Data records:
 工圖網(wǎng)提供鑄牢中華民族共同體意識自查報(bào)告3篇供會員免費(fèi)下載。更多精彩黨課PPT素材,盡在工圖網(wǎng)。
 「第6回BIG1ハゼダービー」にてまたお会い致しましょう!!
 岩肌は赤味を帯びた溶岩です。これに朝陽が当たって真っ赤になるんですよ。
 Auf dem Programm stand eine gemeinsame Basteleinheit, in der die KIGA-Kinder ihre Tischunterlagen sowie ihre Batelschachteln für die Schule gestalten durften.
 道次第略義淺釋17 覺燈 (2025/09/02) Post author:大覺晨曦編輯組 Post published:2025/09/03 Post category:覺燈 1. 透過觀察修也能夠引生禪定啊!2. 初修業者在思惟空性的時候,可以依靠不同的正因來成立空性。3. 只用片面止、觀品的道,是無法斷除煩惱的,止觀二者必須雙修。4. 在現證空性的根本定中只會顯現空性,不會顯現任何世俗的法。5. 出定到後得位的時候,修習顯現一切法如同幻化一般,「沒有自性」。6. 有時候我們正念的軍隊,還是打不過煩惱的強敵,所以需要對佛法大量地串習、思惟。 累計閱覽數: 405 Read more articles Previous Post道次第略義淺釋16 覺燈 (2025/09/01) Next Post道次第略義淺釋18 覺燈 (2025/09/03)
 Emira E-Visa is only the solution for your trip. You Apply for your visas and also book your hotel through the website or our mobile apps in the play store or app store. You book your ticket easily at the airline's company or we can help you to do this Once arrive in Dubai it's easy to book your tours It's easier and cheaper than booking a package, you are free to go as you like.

...

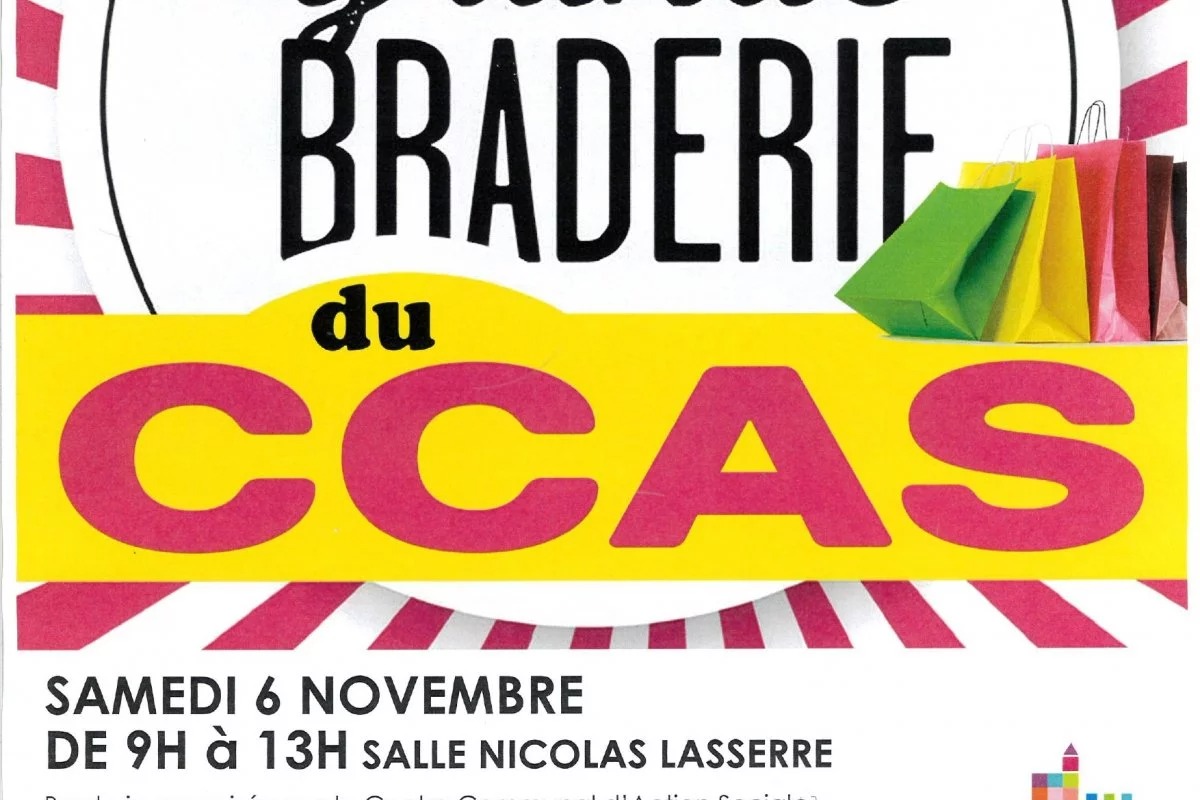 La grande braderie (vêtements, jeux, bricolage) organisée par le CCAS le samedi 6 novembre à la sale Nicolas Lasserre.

Task objective:
Starting with the line above that holds "道次第略義淺釋17 覺燈 (2025/09/02)" and stopping with the line that holds "Emira E-Visa is", reproduce each line exactly, omitting all other lines.

Written response:
 道次第略義淺釋17 覺燈 (2025/09/02) Post author:大覺晨曦編輯組 Post published:2025/09/03 Post category:覺燈 1. 透過觀察修也能夠引生禪定啊!2. 初修業者在思惟空性的時候,可以依靠不同的正因來成立空性。3. 只用片面止、觀品的道,是無法斷除煩惱的,止觀二者必須雙修。4. 在現證空性的根本定中只會顯現空性,不會顯現任何世俗的法。5. 出定到後得位的時候,修習顯現一切法如同幻化一般,「沒有自性」。6. 有時候我們正念的軍隊,還是打不過煩惱的強敵,所以需要對佛法大量地串習、思惟。 累計閱覽數: 405 Read more articles Previous Post道次第略義淺釋16 覺燈 (2025/09/01) Next Post道次第略義淺釋18 覺燈 (2025/09/03)
 Emira E-Visa is only the solution for your trip. You Apply for your visas and also book your hotel through the website or our mobile apps in the play store or app store. You book your ticket easily at the airline's company or we can help you to do this Once arrive in Dubai it's easy to book your tours It's easier and cheaper than booking a package, you are free to go as you like.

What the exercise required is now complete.